Xian, Shaanxi province, China—The Lunar New Year is truly something to behold in China. Starting a week before the holiday, the biggest human migration on earth occurs here, when hundreds of millions of Chinese travel to their home towns and villages to kick off a week-long celebration with friends and family.

It’s the biggest holiday in this country of 1.3 billion and one during which you can really feel just how important family is here. I think it’s much more important here than in the West. People in the West often compare Lunar New Year to Christmas. But Christmas takes place over the course of one day and an evening. The Lunar New Year is a week-long whirlwind of food, family, fireworks and fairs. And it’s just assumed that you will go back to your family home to do so.

The build-up starts about a month ahead, when the ubiquitous lanterns start to appear in the streets, shopping malls and people’s windows.
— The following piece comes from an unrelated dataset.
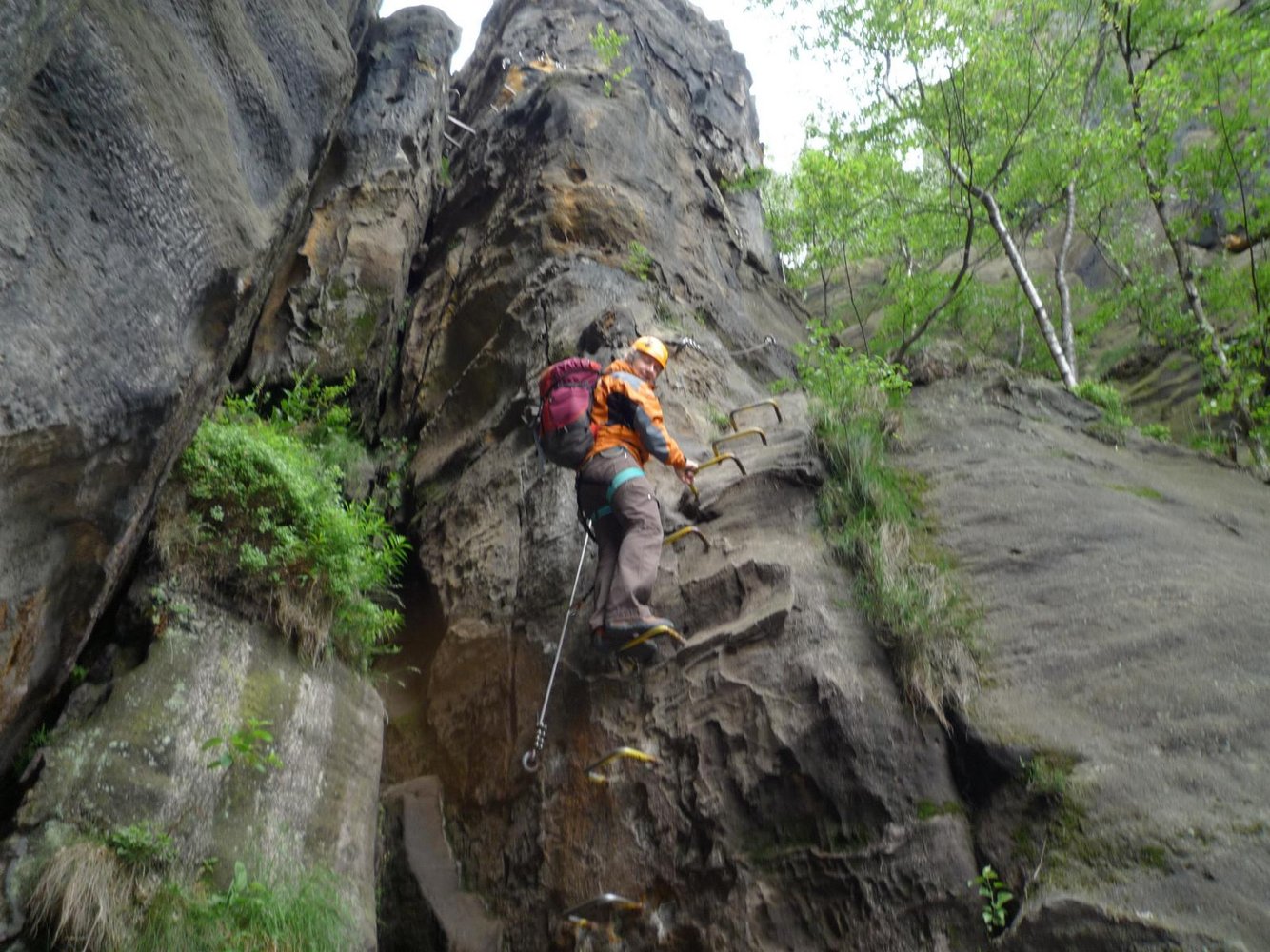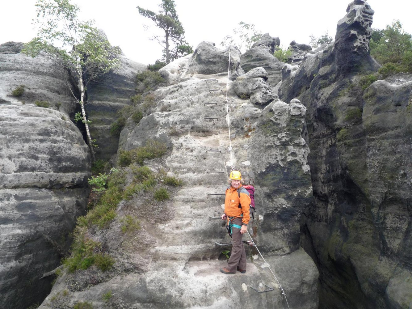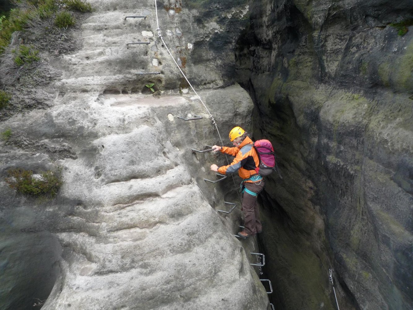 Der Erbauer, Rudi Häntzschel, hat in den Sechzigerjahren, als er Invaliditätspensionist war, die Häntzschelstiege ohne (Bohr-)Maschinenunterstützung illegal errichtet und im Jahr 1998 offi ziell saniert und ausgebaut. Einer der wenigen echten Klettersteig in der Sächsischen Schweiz besteht aus zwei ausgezeichneten, mit vielen Trittstiften, Griffeisen und stellenweise mit einem Sicherungsstahlseil ausgerüsteten Teilabschnitten. Der Aufstieg auf das Horn verläuft im oberen Teil durch einen tiefen Spalt (Kluft). Der Klettersteig ist bei schönem Wetter an den Wochenenden zwar ziemlich überlaufen, sollte allerdings, schon alleine aufgrund der wunderbaren Landschaft, in keinem Tourenbuch fehlen.

Then the train stations begin to get busier. You can feel a change in the atmosphere. And the week before it just gets crazy. This year I decided to cover the celebrations outside of Beijing for the first time, so I took a train to Chengdu in the center of the country. It was so packed that dozens of people had to stand the whole way there. That’s 26 hours. And the most incredible thing? It was one of the loveliest and friendliest atmospheres that I’ve encountered. Coming from a country where grumbling is a national pastime, I have to say I was quite impressed.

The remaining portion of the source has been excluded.